Он не дождался, когда подадут портвейн, извинился, встал из-за стола и сразу пошел в служебное помещение искать Уилера. Если тот ничего не знает, рассказать ему обо всем будет жестоко, но убийство было не меньшей жестокостью, не говоря уже о страхе, несчастье и подозрениях, которые могли пасть на невиновных. Если потаенные секреты других людей насильственно приходится раскрывать, это всегда жестоко.
– Да, сэр? – спросил Уилер, нахмурившись, когда Питт повел его в буфетную дворецкого. Сам Дилкс в это время был чем-то занят в гостиной.
Томас закрыл дверь.
– Я не стал бы вас расспрашивать, если бы в этом не было необходимости, – начал он со вздохом. – Сожалею, но это важно для расследования.
Камердинер забеспокоился. Он был очень любезным и услужливым человеком и, возможно, более молодым, чем суперинтенданту показалось, когда он встретился с ним впервые, в утро смерти Гревилла. Просто он всегда выглядел очень серьезным, хотя сквозило в его лице и что-то мягкое, так что, может быть, в других обстоятельствах он мог веселиться, петь и танцевать, как все прочие.
– Уилер, вы, конечно, знаете горничную миссис Гревилл, Долл? – спросил полицейский.
Выражение лица слуги едва заметно изменилось – возможно, стало чуть-чуть жестким.

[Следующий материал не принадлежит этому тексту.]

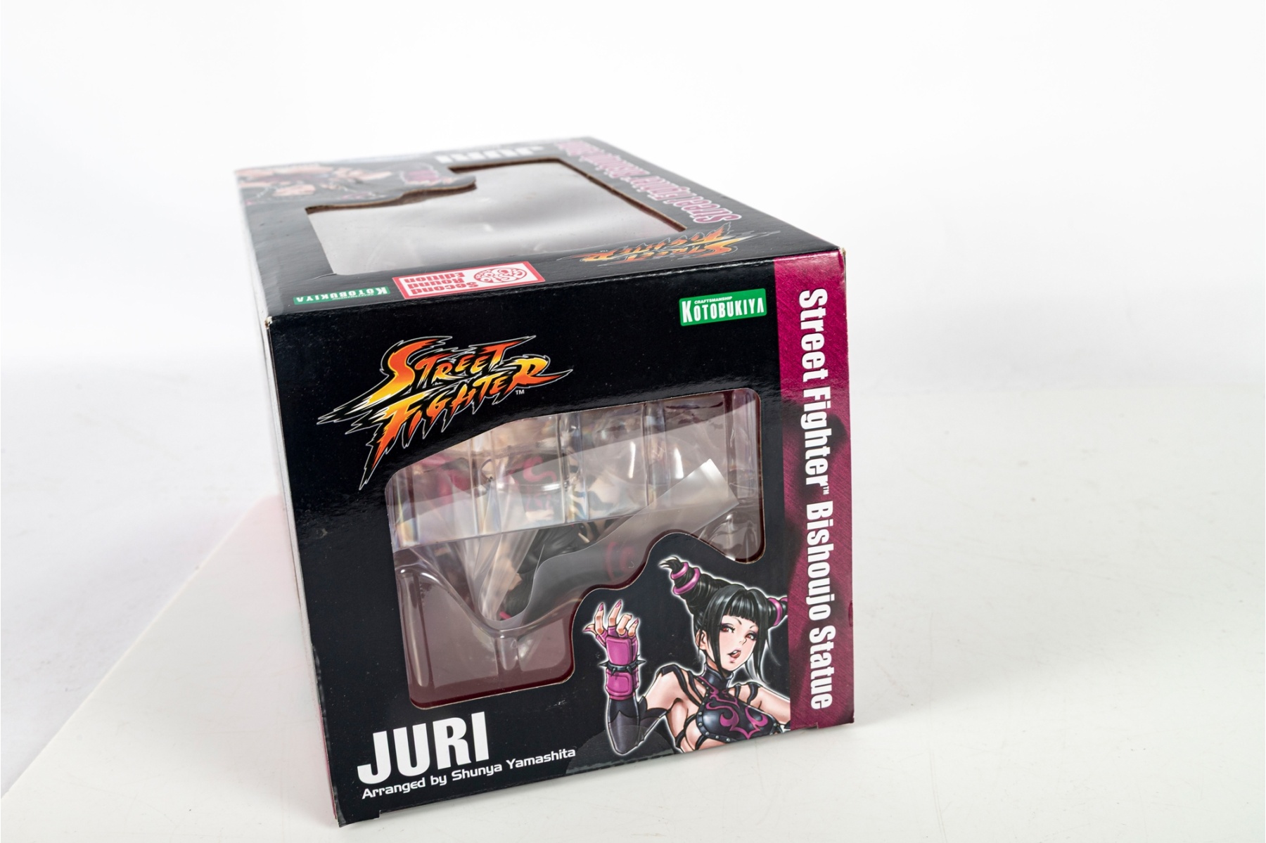 Dynamic Juri Han statue from Street Fighter, produced by Kotobukiya as part of the Bishoujo series and designed by renowned Japanese illustrator Shunya Yamashita. This “Second Round Edition” release showcases Juri in her iconic pose, highlighting her fierce energy and signature attitude.

– Долл Эванс? – переспросил он. – Да, сэр, конечно, знаю. Очень хорошая девушка, работящая, хорошо знает свои обязанности, и никогда от нее никакого беспокойства.
Питт почувствовал, что Уилер насторожился. Слишком торопливо отвечает… Почему? Он к ней неравнодушен или просто блюдет честь своего хозяина?
– Она болела примерно три года назад?
Камердинер насторожился еще больше. В его глазах промелькнули озабоченность и опасение, как бы не сболтнуть чего лишнего. И Питт тотчас же убедился, что Уилер уже тогда знал обо всем.
– Она некоторое время болела, да, сэр, – не стал отрицать слуга.
Он не спросил, почему суперинтенданта это заинтересовало.
– А вы знаете, что это была за болезнь? – продолжал Томас.
Щеки Уилера слегка порозовели.
– Нет, сэр. Не мое дело спрашивать, а сама она ничего не говорила. Это, знаете, дело личное.
– Она как-то изменилась после болезни? – гнул свою линию суперинтендант.
На лице камердинера появилось отсутствующее выражение. Он совсем не собирался пускаться в откровенности, но давно усвоенная им вымуштрованная любезность не исчезла, а только стала несколько сдержанней.
– Она изменилась? – снова спросил Питт.
Уилер взглянул на него в упор. Глаза у него были серыми и совершенно непроницаемыми.
– Да, сэр, она долго выздоравливала. Наверное, болезнь была тяжелой. Иногда так случается. – Он вздохнул и продолжил: – Когда работаешь за ради пропитания, очень страшно вот так сильно заболеть, сэр. У Долл никого нет, чтобы ухаживать за нею в случае болезни, – нам всем такое знакомо. Стараешься об этом не думать, но иногда обстоятельства заставляют.
– Знаю, – тихо и чистосердечно ответил Томас. – Вы, наверное, забыли, мистер Уилер, что я полицейский, а не джентри[12]
вроде тех, кто здесь заседает. У меня нет личного состояния и дохода. Мне приходится зарабатывать себе на жизнь точно так же, как вам.